DATA LISTING:
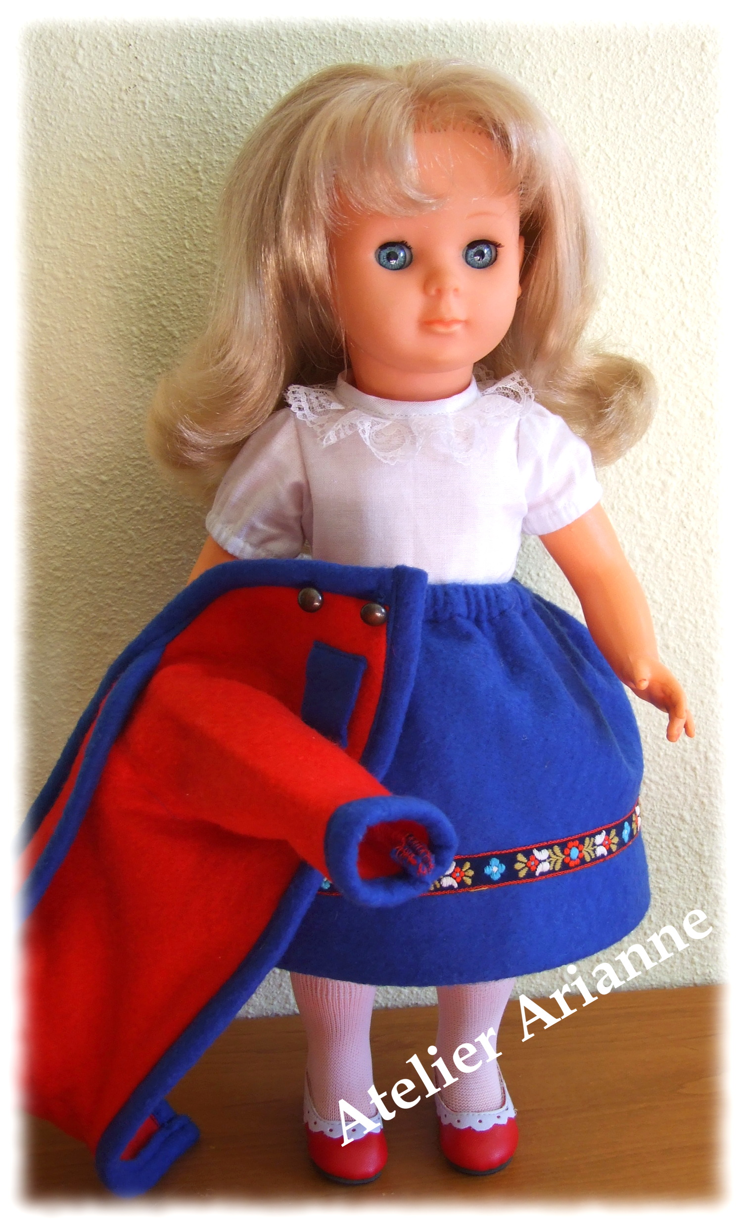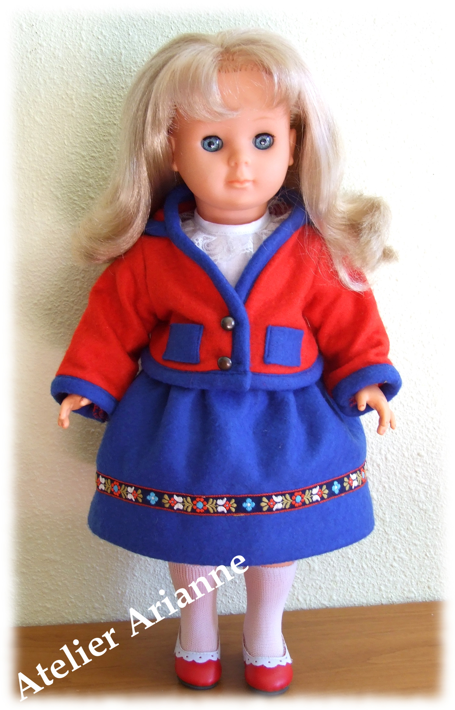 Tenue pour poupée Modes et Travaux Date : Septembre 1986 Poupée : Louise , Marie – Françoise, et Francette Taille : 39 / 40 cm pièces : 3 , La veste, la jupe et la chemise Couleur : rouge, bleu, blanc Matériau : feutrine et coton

==

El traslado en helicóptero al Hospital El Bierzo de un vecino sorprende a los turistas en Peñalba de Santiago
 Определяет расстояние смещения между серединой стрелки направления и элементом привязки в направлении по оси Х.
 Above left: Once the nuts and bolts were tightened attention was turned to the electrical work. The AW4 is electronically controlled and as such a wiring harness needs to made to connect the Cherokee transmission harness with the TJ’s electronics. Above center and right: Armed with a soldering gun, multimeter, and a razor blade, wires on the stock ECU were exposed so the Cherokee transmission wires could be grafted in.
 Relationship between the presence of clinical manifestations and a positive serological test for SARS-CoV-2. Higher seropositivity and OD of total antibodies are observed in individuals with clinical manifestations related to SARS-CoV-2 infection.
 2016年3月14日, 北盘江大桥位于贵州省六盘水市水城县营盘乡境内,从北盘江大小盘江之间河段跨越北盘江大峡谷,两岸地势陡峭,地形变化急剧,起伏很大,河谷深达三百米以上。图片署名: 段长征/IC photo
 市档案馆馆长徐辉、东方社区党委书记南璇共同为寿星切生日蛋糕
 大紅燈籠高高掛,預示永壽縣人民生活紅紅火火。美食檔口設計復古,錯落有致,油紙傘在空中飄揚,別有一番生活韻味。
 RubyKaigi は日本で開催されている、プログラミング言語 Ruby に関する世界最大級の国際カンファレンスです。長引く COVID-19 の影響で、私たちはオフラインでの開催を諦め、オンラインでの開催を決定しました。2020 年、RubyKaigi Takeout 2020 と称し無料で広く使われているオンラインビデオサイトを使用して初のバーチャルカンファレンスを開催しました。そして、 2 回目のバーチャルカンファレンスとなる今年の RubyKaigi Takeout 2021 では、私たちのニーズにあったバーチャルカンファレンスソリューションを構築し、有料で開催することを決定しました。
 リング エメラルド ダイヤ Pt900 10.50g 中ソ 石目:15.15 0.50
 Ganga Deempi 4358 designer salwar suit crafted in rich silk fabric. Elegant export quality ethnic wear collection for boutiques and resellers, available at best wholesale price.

* * *

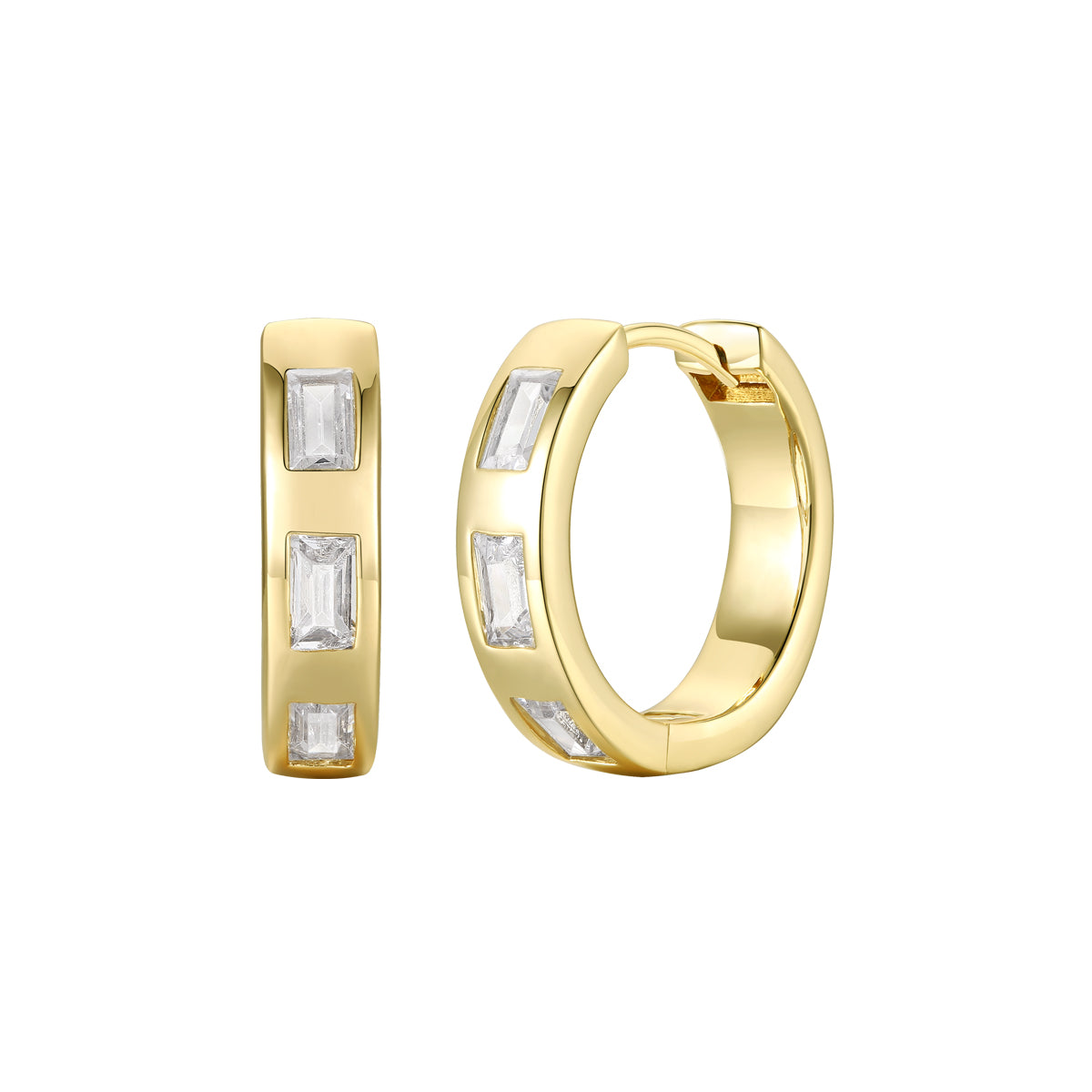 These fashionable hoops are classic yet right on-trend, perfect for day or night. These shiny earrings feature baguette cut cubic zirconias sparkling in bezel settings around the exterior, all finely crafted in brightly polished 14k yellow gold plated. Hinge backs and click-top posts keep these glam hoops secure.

TASK OBJECTIVE: Scan the listing for the string "with" and copy every line that carries it.

OUTPUT FOR THIS TASK:
 Above left: Once the nuts and bolts were tightened attention was turned to the electrical work. The AW4 is electronically controlled and as such a wiring harness needs to made to connect the Cherokee transmission harness with the TJ’s electronics. Above center and right: Armed with a soldering gun, multimeter, and a razor blade, wires on the stock ECU were exposed so the Cherokee transmission wires could be grafted in.
 Relationship between the presence of clinical manifestations and a positive serological test for SARS-CoV-2. Higher seropositivity and OD of total antibodies are observed in individuals with clinical manifestations related to SARS-CoV-2 infection.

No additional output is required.